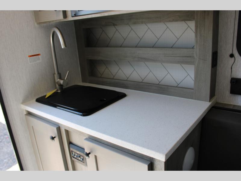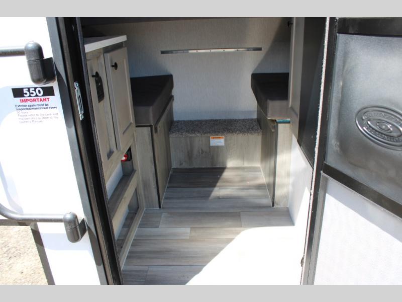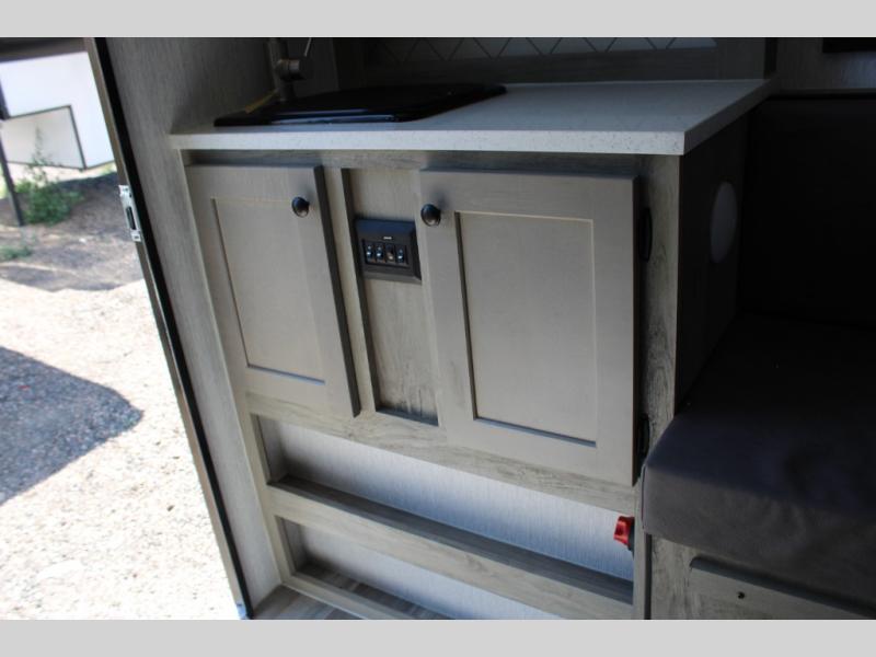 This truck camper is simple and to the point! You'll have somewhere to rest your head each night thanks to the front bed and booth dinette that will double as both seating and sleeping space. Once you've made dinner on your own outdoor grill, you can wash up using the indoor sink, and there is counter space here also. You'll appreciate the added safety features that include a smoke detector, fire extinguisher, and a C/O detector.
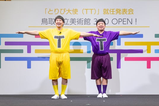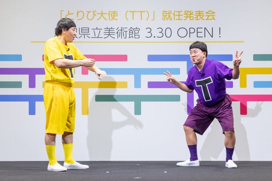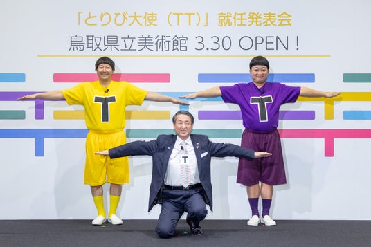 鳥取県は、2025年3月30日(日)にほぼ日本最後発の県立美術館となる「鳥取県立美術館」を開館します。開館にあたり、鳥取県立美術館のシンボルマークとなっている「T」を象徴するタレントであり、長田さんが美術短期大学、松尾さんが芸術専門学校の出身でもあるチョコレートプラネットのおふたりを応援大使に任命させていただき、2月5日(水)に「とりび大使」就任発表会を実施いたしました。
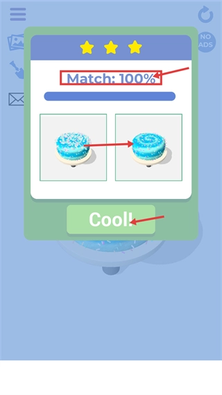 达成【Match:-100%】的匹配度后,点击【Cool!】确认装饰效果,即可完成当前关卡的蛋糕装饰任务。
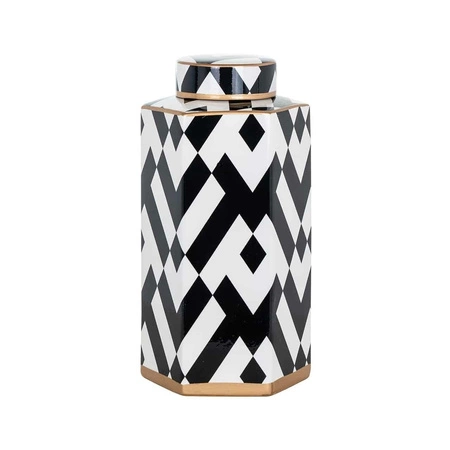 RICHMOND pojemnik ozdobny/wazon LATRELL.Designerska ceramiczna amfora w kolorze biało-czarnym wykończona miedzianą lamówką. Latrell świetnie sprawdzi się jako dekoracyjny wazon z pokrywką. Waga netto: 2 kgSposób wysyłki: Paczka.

> **Work item**: A verbatim transcription of the listing is expected, with no pictures included.

> **Answer to this problem**:
 This truck camper is simple and to the point! You'll have somewhere to rest your head each night thanks to the front bed and booth dinette that will double as both seating and sleeping space. Once you've made dinner on your own outdoor grill, you can wash up using the indoor sink, and there is counter space here also. You'll appreciate the added safety features that include a smoke detector, fire extinguisher, and a C/O detector.
 鳥取県は、2025年3月30日(日)にほぼ日本最後発の県立美術館となる「鳥取県立美術館」を開館します。開館にあたり、鳥取県立美術館のシンボルマークとなっている「T」を象徴するタレントであり、長田さんが美術短期大学、松尾さんが芸術専門学校の出身でもあるチョコレートプラネットのおふたりを応援大使に任命させていただき、2月5日(水)に「とりび大使」就任発表会を実施いたしました。
 达成【Match:-100%】的匹配度后,点击【Cool!】确认装饰效果,即可完成当前关卡的蛋糕装饰任务。
 RICHMOND pojemnik ozdobny/wazon LATRELL.Designerska ceramiczna amfora w kolorze biało-czarnym wykończona miedzianą lamówką. Latrell świetnie sprawdzi się jako dekoracyjny wazon z pokrywką. Waga netto: 2 kgSposób wysyłki: Paczka.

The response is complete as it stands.